This is a key factor for some marketers. If you don’t have patience, SEO will not be your friend. It typically takes a new article over 6 months to begin seeing meaningful results from organic SEO-based traffic.

However, this is not always the case. A new article written for an established website that has hundreds of backlinks and a great SEO history may take just a few days or even hours to rank highly on Google.

The toughest part of SEO is in the early stages of a new website.

How to Rank Faster in SEO

  1. Find a niche. Using keyword research, you can often find very specific topics that are related to your main field. Seek these out, and write about them in depth. Don’t expect to start a new camera-based website today and be ranking for “best cameras” tomorrow! But maybe you can rank for “best underwater cameras for snorkeling” in a few months.
  2. Make connections. Whether you like it or not, your competition can also be your friend. Backlinks are one of the most important ranking factors in organic search, so if you can get more legitimate websites to link to your site, you will fare better.
  3. Keep people on your site longer. Pay attention to Google Analytics. If your users are bouncing away from your site quickly, spending only a few seconds on your site before leaving, this is a bad sign to Google. Watch bounce rate and session duration.
  4. Be useful. This is not a direct SEO ranking factor, but if you are actually helping your audience with what they need, then the organic rankings will follor.

There is always more to learn about SEO, and the landscape is constantly changing. However, if you leave here with one simple takeaway on SEO, let it be this:

Google wants nothing more than for searchers to find what they are looking for, fast. Deliver that, and you are sure to excel.

What is SEM?

SEM is also a type of search engine tool, but instead of simply organizing your website to rank better naturally, you are paying to show up on the SERP.

Put simply, SEM, or search engine marketing, is the paid placement of advertisements on Google and other marketing platforms. SEM has many other names, like PPC, display marketing and PLA advertising to name a few.

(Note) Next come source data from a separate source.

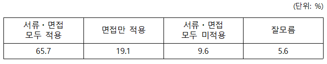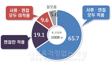 현재 정부는 출범 초기 100대 국정과제의 입시 영역에서 ‘블라인드 면접’을 도입하겠다고 밝혔습니다. 구체적으로 대학 입시에서는 출신 고교 블라인드 면접을 도입하고, 법학전문대학원(이하 로스쿨) 입시에서는 블라인드 면접을 의무화할 것이라고 밝혔습니다. 하지만 면접에서만 출신학교를 가리고 지원서류에서는 출신학교를 심사할 수 있다면 그 한계가 분명합니다. 지난 2016년 한양대 로스쿨의 출신학교 등급제 파문은 서류전형에서 비롯된 것이기 때문입니다. 이번 조사 대상자의 65.7%가 입시에서 서류・면접 과정 모두 출신학교를 보지 않아야 한다고 응답하였습니다.
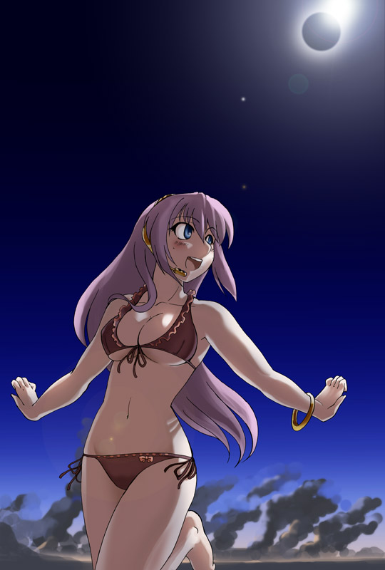 1girlbikiniblue eyesbraceleteclipsefemale focusfront-tie topheadsetjewelrylens flarelong hairmicrophonepink hairside-tie bikini bottomsolar eclipsesoloswimsuit
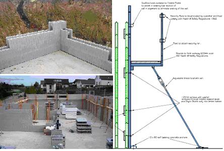 The concrete should be a ready mixed, uniform pump grade C20-25 for the walls and C28-35 for the foundation. 10 mm should be the maximum aggregate size with a minimum 350-375 (kg/m3) cement content and a slump factor of 75-120mm.
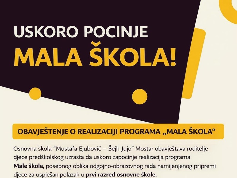 Program Male škole predstavlja važan segment tog rada, kroz koji djeca predškolskog uzrasta imaju priliku da se, na njima blizak i prirodan način, upoznaju sa školskim okruženjem, razvijaju socijalne i komunikacijske vještine te stiču prve radne navike.

Google earns over 90% of profits from PPC advertising.

This should tell you something. If Google, one of the world’s largest companies, makes almost all of its money through paid ads, then you know it is a huge industry.

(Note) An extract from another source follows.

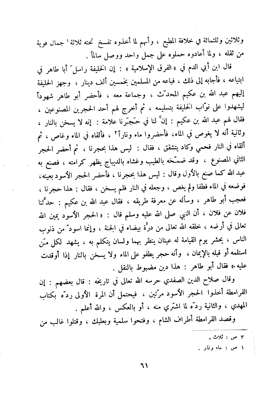 قال ابن أبي الدم في الفرق الإسلامية: إن الخليفة راسل أبا طاهر في ابتياعه، فأجابه إلى ذلك، فباعه من المسلمين بخمسين ألف دينار، وجهز الخليفة إليهم عبد الله بن عكيم المحدث، وجماعة معه، فأحضر أبو طاهر شهوداً ليشهدوا على نواب الخليفة بتسليمه، ثم أخرج لهم أحد الحجرين المصنوعين، فقال لهم عبد الله بن عكيم: إن لنا في حجرنا علامة: إنه لا يسخن بالنار، وثانية أنه لا يغوص في الماء، فأحضروا ماء وناراً (2) ، فألقاه في الماء وغاص، ثم ألقاه في النار فحمي وكاد يتشقق، فقال: ليس هذا بحجرنا، ثم أحضر الحجر الثاني المصنوع، وقد ضمخه بالطيب وغشاه بالديباج يظهر كرامته، فصنع به عبد الله كما صنع بالأول وقال: ليس هذا بحجرنا، فأحضر الحجر الأسود بعينه، فوضعه في الماء فطفا ولم يغص، وجعله في النار فلم يسخن، فقال: هذا حجرنا، فعجب أبو طاهر، وسأله عن معرفة طريقه، فقال عبد الله بن عكيم: حدثنا فلان عن فلان، أن النبي صلى الله عليه وسلم قال: الحجر الأسود يمين الله تعالى في أرضه، خلقه الله تعالى من درة بيضاء في الجنة، وإنما اسود من ذنوب الناس، يحشر يوم القيامة له عينان ينظر بهما ولسان يتكلم به، يشهد لكل من استلمه أو قبله بالإيمان، وأه حجر يطفو على الماء ولا يسخن بالنار إذا أوقدت عليه فقال أبو طاهر: هذا دين مضبوط بالنقل.
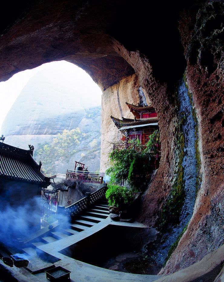 水簾洞高約50米、深20多米,為一巨大的天然巖洞,洞前綠樹成蔭,洞頂、洞壁皆有泉水從石縫淌下,形成了一道巨大的水簾,摸子泉即在洞內(nèi)。正殿菩薩樓內(nèi)塑有大勢(shì)至菩薩,清相豐潤(rùn),氣度嫻雅,相傳為麻線娘娘的真身塑像。相傳很早以前,榆盤鎮(zhèn)李家溝村有一女孩沒事總到廟里去玩,15歲的時(shí)候,家里給她許配了人家,可自此后她便總是坐在窗口打麻繩,一直打了幾年,直到出嫁時(shí)還在不停打麻繩。出嫁這天,她打扮了一個(gè)早晨后,便把麻繩的一頭系在窗子上,一頭系在自己的腰里跑了起來(lái)。全家人急了,媽媽拿著火棍子,哥哥拿著鞭子,嫂嫂拿著笤刷子追來(lái),她便一直往水簾洞跑去。當(dāng)跑到一個(gè)山溝里時(shí),繩子用完了,她就抽出腸子續(xù)上繼續(xù)跑,從此這個(gè)地方就叫徐家來(lái)(“徐、續(xù)”音相近)。一直跑到水簾洞后,她身子一縱跳入洞中,但沒有坐穩(wěn),一條腿還沒來(lái)得及收上去,家人便已趕到。家人問(wèn)她:“你如果是神,就讓火棍和笤刷子長(zhǎng)出葉子來(lái)?!惫唬捯魟偮?,那火棍兒、笤刷子便都長(zhǎng)出了葉子,長(zhǎng)成了樹,麻線女也成了麻線娘娘。

But it is also one of the most effective forms of advertising. It can be easily monitored and analyzed. Budgets can be clearly defined and paced throughout the days, weeks and months. It is a fast way to gain exposure across a multitude of platforms and areas on the internet, not just on Google.com.

What Are The Different Types of PPC Ads?

There lots of platforms that you can use to place paid advertisements. Here, I will focus on the major platforms and what types of ads they offer. I will also limit this to search engines (as SEM pertains to search engine marketing). Even so, there are plenty of options.

Text Ads

Text Ad Example
Example screenshot of a text ad on Google.

These are the ad placements that you see when you search for almost anything on Google. If you want to buy something, or especially if you are looking for a specialty service (like an accountant or lawyer) you’ll see a PPC text ad.

Product Listing Ads

PLA Ads
Example screenshot of PLA ads.

Product listing ads, or PLAs, are advertisements specifically designed for selling physical products (like headphones or sneakers). These ads contain an image, a price and a seller, and often appear in a horizontal bar along the top of Google.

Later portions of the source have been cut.